The usual account of modernity is that it was born in the 18th century thanks to Enlightenment thinking (and its proposals of objective science and universal morality), the French revolution and the Reformation, which allowed Hegel to develop the main principle of modernity: ‘individuality’ as a model of self-relation (Habermas and Benhabid, 1981; Habermas, 1987). This principle was the basis of Western rationalism, which for Weber led to a rational process of disenchantment and disintegration of religious worldviews (Habermas, 1987).
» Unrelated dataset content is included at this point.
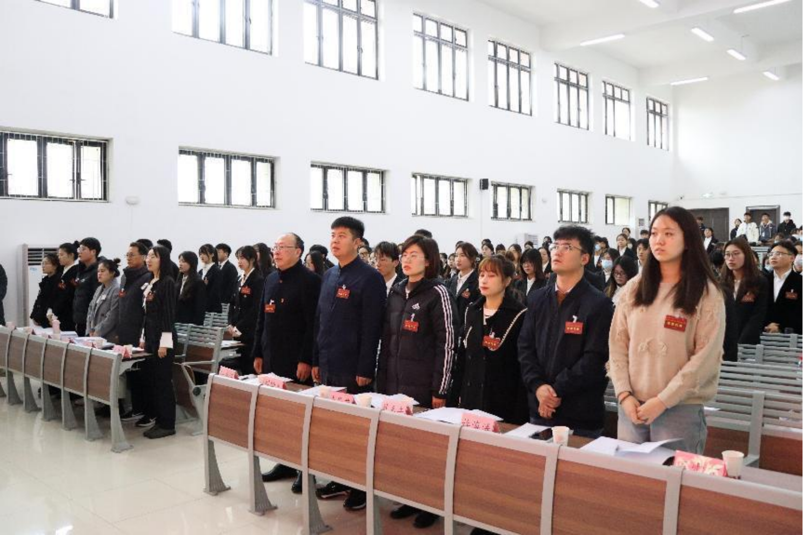 11月29日,学校第二次学生代表大会在教学楼121教室召开。安徽省学联驻会执行主席王梦瑶,校党委委员、党建办主任付金沐,校纪委副书记、学生处处长孙增响,校团委书记刘帅克、副书记陈媛媛,各二级学院团总支书记、副书记及全体学生代表出席大会开幕式。

Since the 20th century tragedies (wars, genocide, economic crisis and so forth) have affected modern aspirations, the usual theoretical account divides the debate between those who want to complete the modernity project, and those who deny it, the ‘anti-moderns’, or post-moderns.
For Habermas (1987) the anti-moderns question reason rooted in the principle of individuality because it has been used to hide different forms of exploitation, degradation and alienation on behalf of rationality. For example, Horkheimer and Adorno (1944) saw modernity inherently related to its opposite, anti-modernity (expressed in irrationalism, myth, domination, and barbarism), in a dialectic relation that would inevitably lead to its self-destruction (then, Hitler and Stalin’s regimes are not anomalous, but a symptom of the nature of modernity itself) (Habermas, 1987).
Nowadays, anti-modernity is usually called postmodernism, which has been criticised for being nihilist, relativist and functional to global capitalism (Jameson, 1991).
33 But the critique of modernity is a necessary step to critically analyse liberalism and capitalism and how they relate to indigenous peoples. The ontological and epistemological foundation of this project (rationalism and universalism), however, can be more fruitfully examined from the perspective of those who have been dispossessed, than from postmodern intellectuals. The decolonial critique is relevant in this task.